• Records from a dataset:
Content starts

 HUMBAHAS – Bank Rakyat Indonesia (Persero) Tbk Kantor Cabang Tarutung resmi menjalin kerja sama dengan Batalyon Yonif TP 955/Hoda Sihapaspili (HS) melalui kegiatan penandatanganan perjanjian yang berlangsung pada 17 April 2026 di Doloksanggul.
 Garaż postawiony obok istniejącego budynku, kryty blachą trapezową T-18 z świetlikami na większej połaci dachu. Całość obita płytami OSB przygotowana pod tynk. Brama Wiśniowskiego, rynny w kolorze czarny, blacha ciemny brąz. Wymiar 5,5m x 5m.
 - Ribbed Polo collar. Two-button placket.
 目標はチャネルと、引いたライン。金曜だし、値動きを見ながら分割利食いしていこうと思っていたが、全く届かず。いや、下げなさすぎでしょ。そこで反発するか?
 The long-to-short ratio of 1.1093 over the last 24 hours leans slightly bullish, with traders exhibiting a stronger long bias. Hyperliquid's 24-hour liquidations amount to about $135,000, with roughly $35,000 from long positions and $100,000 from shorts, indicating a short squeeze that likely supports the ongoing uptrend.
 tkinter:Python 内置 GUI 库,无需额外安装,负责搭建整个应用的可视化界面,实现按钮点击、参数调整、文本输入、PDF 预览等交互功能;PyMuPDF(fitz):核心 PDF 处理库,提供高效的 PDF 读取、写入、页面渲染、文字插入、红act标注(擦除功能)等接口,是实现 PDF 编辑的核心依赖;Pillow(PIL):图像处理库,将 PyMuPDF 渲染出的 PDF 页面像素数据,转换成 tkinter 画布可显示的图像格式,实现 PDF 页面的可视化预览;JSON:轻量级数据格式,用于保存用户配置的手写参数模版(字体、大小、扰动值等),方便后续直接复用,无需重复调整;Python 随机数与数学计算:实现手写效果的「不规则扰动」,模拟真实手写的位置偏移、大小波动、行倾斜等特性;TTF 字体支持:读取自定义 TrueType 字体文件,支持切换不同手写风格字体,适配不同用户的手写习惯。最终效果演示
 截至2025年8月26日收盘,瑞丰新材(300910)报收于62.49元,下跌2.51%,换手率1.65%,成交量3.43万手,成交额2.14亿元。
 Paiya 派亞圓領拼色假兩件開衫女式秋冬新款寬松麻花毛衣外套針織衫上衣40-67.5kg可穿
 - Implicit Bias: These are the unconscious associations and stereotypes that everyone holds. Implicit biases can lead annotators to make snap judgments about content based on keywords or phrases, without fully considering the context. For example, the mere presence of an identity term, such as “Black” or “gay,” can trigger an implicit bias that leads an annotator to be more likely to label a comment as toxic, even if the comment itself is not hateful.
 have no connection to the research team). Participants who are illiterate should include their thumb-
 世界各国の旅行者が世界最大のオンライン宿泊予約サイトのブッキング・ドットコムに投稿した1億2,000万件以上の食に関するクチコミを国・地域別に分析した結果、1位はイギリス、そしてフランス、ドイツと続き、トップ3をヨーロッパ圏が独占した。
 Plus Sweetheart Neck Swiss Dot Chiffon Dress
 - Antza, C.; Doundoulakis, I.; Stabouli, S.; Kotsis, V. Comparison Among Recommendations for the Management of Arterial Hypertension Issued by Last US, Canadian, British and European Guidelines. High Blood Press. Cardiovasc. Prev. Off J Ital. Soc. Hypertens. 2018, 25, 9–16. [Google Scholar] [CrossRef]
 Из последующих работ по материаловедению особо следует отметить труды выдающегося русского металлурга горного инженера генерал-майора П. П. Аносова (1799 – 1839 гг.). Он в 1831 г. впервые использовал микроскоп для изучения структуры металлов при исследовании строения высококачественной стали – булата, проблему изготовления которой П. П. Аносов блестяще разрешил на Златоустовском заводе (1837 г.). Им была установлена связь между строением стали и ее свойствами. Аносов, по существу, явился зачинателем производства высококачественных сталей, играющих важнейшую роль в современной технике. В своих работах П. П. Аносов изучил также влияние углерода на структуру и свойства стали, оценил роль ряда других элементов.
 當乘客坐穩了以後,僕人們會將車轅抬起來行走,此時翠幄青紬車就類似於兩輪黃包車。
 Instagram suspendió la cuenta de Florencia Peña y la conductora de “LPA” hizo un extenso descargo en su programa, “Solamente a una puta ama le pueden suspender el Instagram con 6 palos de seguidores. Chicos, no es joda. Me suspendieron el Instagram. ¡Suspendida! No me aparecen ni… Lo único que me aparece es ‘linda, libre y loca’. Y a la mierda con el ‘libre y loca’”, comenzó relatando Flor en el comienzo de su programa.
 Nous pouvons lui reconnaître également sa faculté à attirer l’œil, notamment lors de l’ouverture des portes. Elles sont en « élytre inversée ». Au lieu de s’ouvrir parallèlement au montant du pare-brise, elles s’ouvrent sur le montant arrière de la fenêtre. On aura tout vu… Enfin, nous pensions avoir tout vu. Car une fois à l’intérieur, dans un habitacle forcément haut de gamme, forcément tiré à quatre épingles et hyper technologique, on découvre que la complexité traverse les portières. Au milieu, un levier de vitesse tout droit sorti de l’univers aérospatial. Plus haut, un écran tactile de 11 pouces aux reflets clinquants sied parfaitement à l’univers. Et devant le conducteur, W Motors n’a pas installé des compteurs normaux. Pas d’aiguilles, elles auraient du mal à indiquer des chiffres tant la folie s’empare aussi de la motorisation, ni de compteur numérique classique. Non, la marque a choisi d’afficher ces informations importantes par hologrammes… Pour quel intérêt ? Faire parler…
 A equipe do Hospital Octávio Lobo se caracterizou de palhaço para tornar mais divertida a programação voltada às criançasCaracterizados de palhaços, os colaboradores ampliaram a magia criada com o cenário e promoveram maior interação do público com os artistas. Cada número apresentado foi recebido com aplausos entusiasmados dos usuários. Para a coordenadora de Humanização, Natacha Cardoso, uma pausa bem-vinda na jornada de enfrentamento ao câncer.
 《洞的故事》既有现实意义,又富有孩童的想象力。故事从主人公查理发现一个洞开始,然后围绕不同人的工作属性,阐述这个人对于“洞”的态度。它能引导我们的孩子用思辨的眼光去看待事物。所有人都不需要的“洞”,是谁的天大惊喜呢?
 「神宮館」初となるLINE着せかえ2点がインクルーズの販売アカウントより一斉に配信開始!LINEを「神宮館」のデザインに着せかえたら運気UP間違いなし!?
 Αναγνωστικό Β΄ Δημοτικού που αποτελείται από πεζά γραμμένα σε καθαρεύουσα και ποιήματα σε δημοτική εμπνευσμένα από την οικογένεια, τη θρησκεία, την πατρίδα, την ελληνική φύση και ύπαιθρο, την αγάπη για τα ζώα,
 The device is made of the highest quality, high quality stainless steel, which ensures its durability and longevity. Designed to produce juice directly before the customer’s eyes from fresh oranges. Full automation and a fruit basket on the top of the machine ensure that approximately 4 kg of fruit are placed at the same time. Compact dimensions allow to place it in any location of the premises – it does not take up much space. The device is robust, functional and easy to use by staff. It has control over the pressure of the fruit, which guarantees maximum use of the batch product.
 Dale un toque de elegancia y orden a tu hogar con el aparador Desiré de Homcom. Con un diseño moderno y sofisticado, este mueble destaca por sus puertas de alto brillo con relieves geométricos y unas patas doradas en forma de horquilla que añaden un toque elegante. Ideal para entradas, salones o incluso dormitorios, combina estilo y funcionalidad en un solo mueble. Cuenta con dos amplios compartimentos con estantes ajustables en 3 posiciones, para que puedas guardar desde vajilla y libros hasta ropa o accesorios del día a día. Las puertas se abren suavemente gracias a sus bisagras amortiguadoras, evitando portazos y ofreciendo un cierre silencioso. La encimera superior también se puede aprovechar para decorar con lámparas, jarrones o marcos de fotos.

Content ends

Copy out the range of lines above starting at the line with "Plus Sweetheart Neck Swiss Dot Chiffon Dress" and ending at the line with "- Antza, C.;", exactly and including both.

• EXERCISE RESULT:
 Plus Sweetheart Neck Swiss Dot Chiffon Dress
 - Antza, C.; Doundoulakis, I.; Stabouli, S.; Kotsis, V. Comparison Among Recommendations for the Management of Arterial Hypertension Issued by Last US, Canadian, British and European Guidelines. High Blood Press. Cardiovasc. Prev. Off J Ital. Soc. Hypertens. 2018, 25, 9–16. [Google Scholar] [CrossRef]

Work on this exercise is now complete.